11.2 Gilead. Gilead represents and warrants to GSK as follows:
(a) Non-Infringement of Gilead Technology by Third Parties. As of the Effective Date, [ * ], the Key Gilead Personnel have no actual knowledge of any activities by Third Parties which would constitute infringement or misappropriation of the Gilead Technology within the GSK Territory.
(b) Non-infringement of Third Party Rights. As of the Effective Date, the Key Gilead Personnel have not received any written notice of any claim that any Patent or trade secret right owned or controlled by a Third Party would be infringed or misappropriated by the manufacture, use, sale, offer for sale or importation of the Current Product in the GSK Territory.
(c) Claims.
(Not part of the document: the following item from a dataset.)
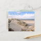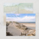 Tarjeta postal de escena de playa de Florida con foto tomada en Ponce Inlet. La vista es desde el nuevo paseo marítimo en Smyrna Dunes Park en New Smyrna Beach y muestra el antiguo paseo marítimo que solía llevar a la playa. El texto impreso en la parte frontal se puede cambiar o eliminar. El reverso está en blanco con una imagen de agua de océano que lame la orilla.

To the knowledge of the Key Gilead Personnel, (i) Gilead has not received any written claim or demand of any person or entity, (ii) no proceeding is pending that challenges Gilead's ownership or Control, as applicable, of the Gilead Patents, and (iii) the Gilead Patents are not subject to any pending re-examination, opposition, interference or litigation proceedings.
(d) Due Diligence. The clinical and regulatory data regarding the Current Product that Gilead has provided to GSK prior to the Effective Date is true and accurate in all material respects as of the date provided to GSK, and Gilead has, to its knowledge as of the Effective Date, provided GSK with access to [ * ] clinical and regulatory data regarding the Current Product [ * ].
11.3 Disclaimer. GSK understands that Licensed Products are the subjects of ongoing clinical research and development and that Gilead cannot assure the safety or usefulness of Licensed Products. Gilead makes no warranty except as set forth in this Article 11 concerning its Patents or Know-How.
11.4 No Other Representations. THE EXPRESS REPRESENTATIONS AND WARRANTIES STATED IN THIS ARTICLE 11 AND IN SECTION 5.5 ARE IN LIEU OF ALL OTHER REPRESENTATIONS AND WARRANTIES, EXPRESS, IMPLIED, OR STATUTORY, INCLUDING WITHOUT LIMITATION, WARRANTIES OF MERCHANTABILITY, FITNESS FOR A PARTICULAR PURPOSE, NON-INFRINGEMENT OR NON-MISAPPROPRIATION OF THIRD PARTY INTELLECTUAL PROPERTY RIGHTS.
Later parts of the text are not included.